Key research themes
1. How can benchmark suites and algorithmic innovations improve the precision and efficiency of data race detection?
This research theme focuses on the creation and enhancement of benchmark suites designed to systematically evaluate data race detection tools and on the development of algorithms that improve the accuracy and performance of these detection methods. Accurate detection is crucial to ensuring correctness and reliability in multi-threaded programs, while efficient algorithms make real-time or on-the-fly detection feasible, reducing overhead during program execution.
2. What hardware and programming model innovations can reduce the complexity and nondeterminism caused by data races in parallel systems?
This theme addresses how disciplined parallel programming models and novel hardware architectures can mitigate data race complexities in shared-memory systems.

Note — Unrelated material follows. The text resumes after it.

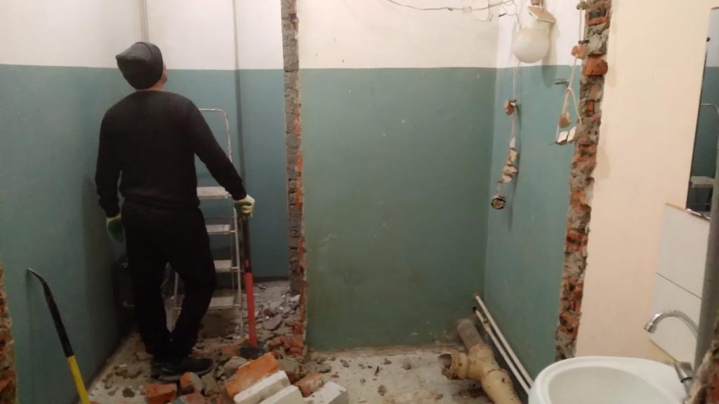 Подрядная организация сейчас занята электромонтажными работами и ремонтом санитарных зон. Также здесь выравнивают стены внутренних помещений и заливают полы.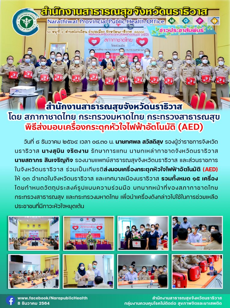 สำนักงานสาธารณสุขจังหวัดนราธิวาส โดย สภากาชาดไทย กระทรวงมหาดไทย กระทรวงสาธารณสุข พิธีส่งมอบเครื่องกระตุกหัวใจไฟฟ้าอัตโนมัติ (AED)กลุ่มงานควบคุมโรคไม่ติดต่อ สุขภาพจิตและยาเสพติด / 20/02/2023 อ่านแล้ว : 2,990 FacebookFacebookXXLINELine

It investigates programming language abstractions ensuring data-race-freedom and deterministic behaviors, alongside hardware designs leveraging these guarantees for simpler, scalable, and energy-efficient cache coherence and memory systems. This alignment potentially reduces nondeterministic bugs and aids maintainability in multicore architectures.
3. How do socio-technical perspectives and engagement with data influence contentious data practices and the politics surrounding datafication?
This research focus explores the role of social movements, activism, and civil society in shaping data politics through engagements that contest dominant datafication processes. It examines bottom-up transformative practices—termed 'contentious politics of data'—that challenge or reappropriate data infrastructures, emphasizing data both as a tool and object in political struggle. Understanding these dynamics is essential to comprehending how data acts as a site of power, resistance, and care in contemporary digital societies.